6) There are some typos in the text, like, e.g. “coud” instead of “could” (conclusions).

Thank you for your appreciation. This error has been corrected, and the entire manuscript has been revised to amend all typos.

Author Response File: Author Response.docx

Reviewer 2 Report

The manuscript on targeted nanoparticles HER2-positive breast cancer has been well prepared. The technical content has been described comprehensively. The literature is also sufficient and supporting the main content. The potential impact of the Her2 breast cancer is high and may have clinical applications in the future. "accepted" is suggested.

Author Response

The manuscript on targeted nanoparticles for HER2-positive breast cancer treatment has been well prepared. The technical content has been described comprehensively. The literature is also sufficient and supports the main content. The potential impact for the HER2 breast cancer is high and may have clinical applications in the future. "Accepted" is suggested.

Thank you so much for your comments. We really appreciate them.

Author Response File: Author Response.docx

Reviewer 3 Report

The aim of this study is to determine whether polydopamine nanoparticles loaded with paclitaxel and trastuzumab may represent a great approach to improve therapies for HER2-positive breast cancer. The idea presented by the authors is interesting in a context of cancer therapy. However, the authors should provide more solid evidence to support their interpretations and conclusions.

Major concerns.

Line 169. The authors claim a therapeutic activity of PDA NPs charged with Tmab and PTX. How is the evidence of a therapeutic activity of these compounds on breast cancer disease?

The PDA NPs show toxic effect on breast cancer cells.  However, the molecular mechanism underlying the inhibitory effect of these agents is not deeply investigated so far. In absence of these data the effects of these compounds on breast cancer cells should be better investigated. In addition to the normal stromal cell line HS-5, a normal human mammary epithelial cells should be included in this study in order to better investigate side effects of both PDA NPs and loaded PDA NPs.

Another critical point is that any remarkable differences are observed between the two types of loaded PDA NPs and free PTX, as indicated by data presented in figure 3 and figure S1. A statistical analysis of data must be included. According to data presented in Figure 3 and Figure S1,  what are the advantages of using loaded PDA NPs instead of free PTX?  

The authors wrote “despite the absence of very remarkable differences between PDA NPs@Tmab@PTX and PDA NPs•Tmab@PTX treatments, the latter NPs showed somewhat more pronounced antitumor effect and selectivity”. What data supports this statement? The authors should clarify this point.

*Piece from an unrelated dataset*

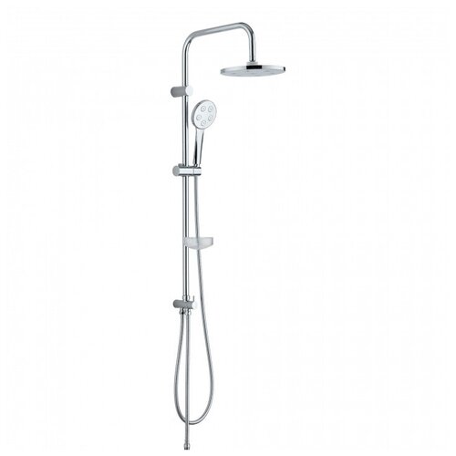 Couleur : chrome Matériau : laiton, plastique Barre de douche : 970 mm avec support mobile et possibilité d'installation dans d'anciens trous Douche de tête : 225 mm de diamètre avec effet pluie tropicale Douchette à main : 110 mm avec 1 mode de fonctionnement, avec effet massage et jet amélioré et support réglable en hauteur et en inclinaison Les douchettes de tête et à main sont équipées d'un système de nettoyage facile pour éliminer le calcaire Tuyau : 1500 mm en tresse métallique avec protection anti-torsion Débitmètre et porte-savon en plastique inclus

Another critical point is that the two types of loaded PDA NPs show toxic effects on HS-5 cells. The data shown in Figure 3 (panel c) and Figure S1 (panel c) and are very impressive. Based on these data, how do you draw the conclusion that these compounds are selective? What is the effect of the two types of loaded PDA NPs in normal cells. Cytostatic or cytotoxic? The authors should deeply discussed this problem. More data are necessary to evaluate the inhibitory effects of both loaded PDA NPs and PDA NPs on normal cells.

Based on data presented in figure 3, the differences between free PDA and PDA NPs•Tmab@PTX should be better investigated by the authors.

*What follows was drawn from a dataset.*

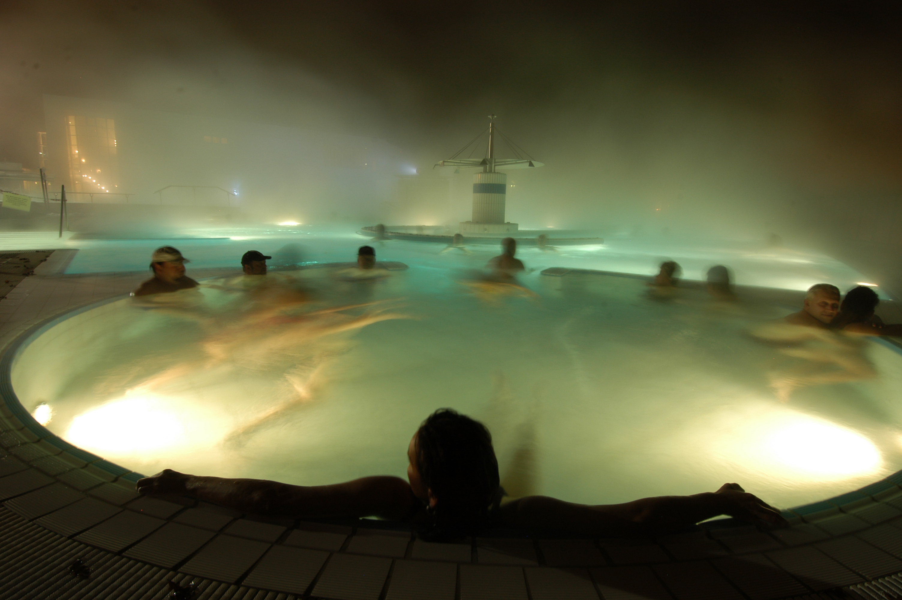 Außenbecken der Europa Therme bei Nacht.

Data presented in Figure 4A should be quantified. In addition, the number of early and late apoptotic cells should also be studied in cells treated with PTX free. In addition, based on data reported in Figure 3, which show that the inhibitory effect induced by both PTX free and PDA NPs•Tmab@PTX became stronger with time, this experiment should be also performed after 72h of treatment with PTX free and PDA NPs•Tmab@PTX.

 

Minor concerns

Line 43: the cited references n 3 and n 4 are not appropriate to support the statement that tyrosine kinase (TK) receptors are overexpressed in other types of solid tumors. Please check and revise.

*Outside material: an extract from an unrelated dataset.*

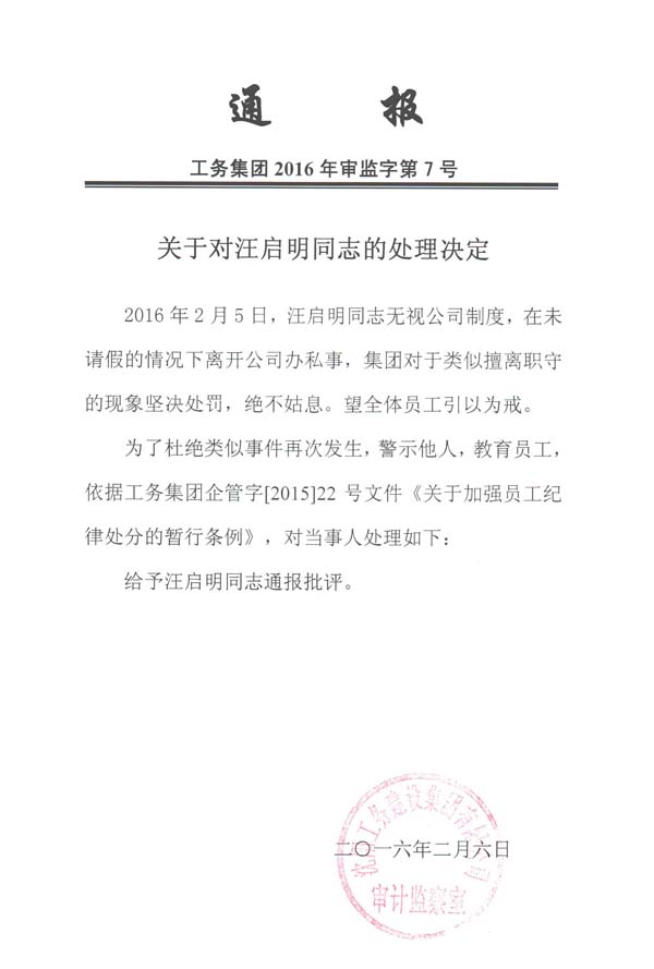 工務集團2016年審監(jiān)字第7號《關于對汪啟明同志的處理決定》

Line 45: the cited reference n 4 is not appropriate to support the statement that: “…can dimerize with other members of its receptor family, and this fact leads to proliferation, survival, angiogenesis and metastasis of cancer cells”. Indeed, the review (ref n 4) mainly reported on studies of different HER2-targeting strategies and various approaches for HER2-targeted delivery systems to improve outcomes for cancer therapy

 

 

 

 

 

 

 

 

 

 

 

 

 

 

 

 

 

 

Author Response

The aim of this study is to determine whether polydopamine nanoparticles loaded with paclitaxel and trastuzumab may represent a great approach to improve therapies for HER2-positive breast cancer. The idea presented by the authors is interesting in a context of cancer therapy. However, the authors should provide more solid evidence to support their interpretations and conclusions.

Thank you so much for your comments and suggestions. All the changes we have made to the revised version of the manuscript have been marked in red.

Major concerns:

1) Line 169. The authors claim a therapeutic activity of PDA NPs charged with Tmab and PTX. How is the evidence of a therapeutic activity of these compounds on breast cancer disease?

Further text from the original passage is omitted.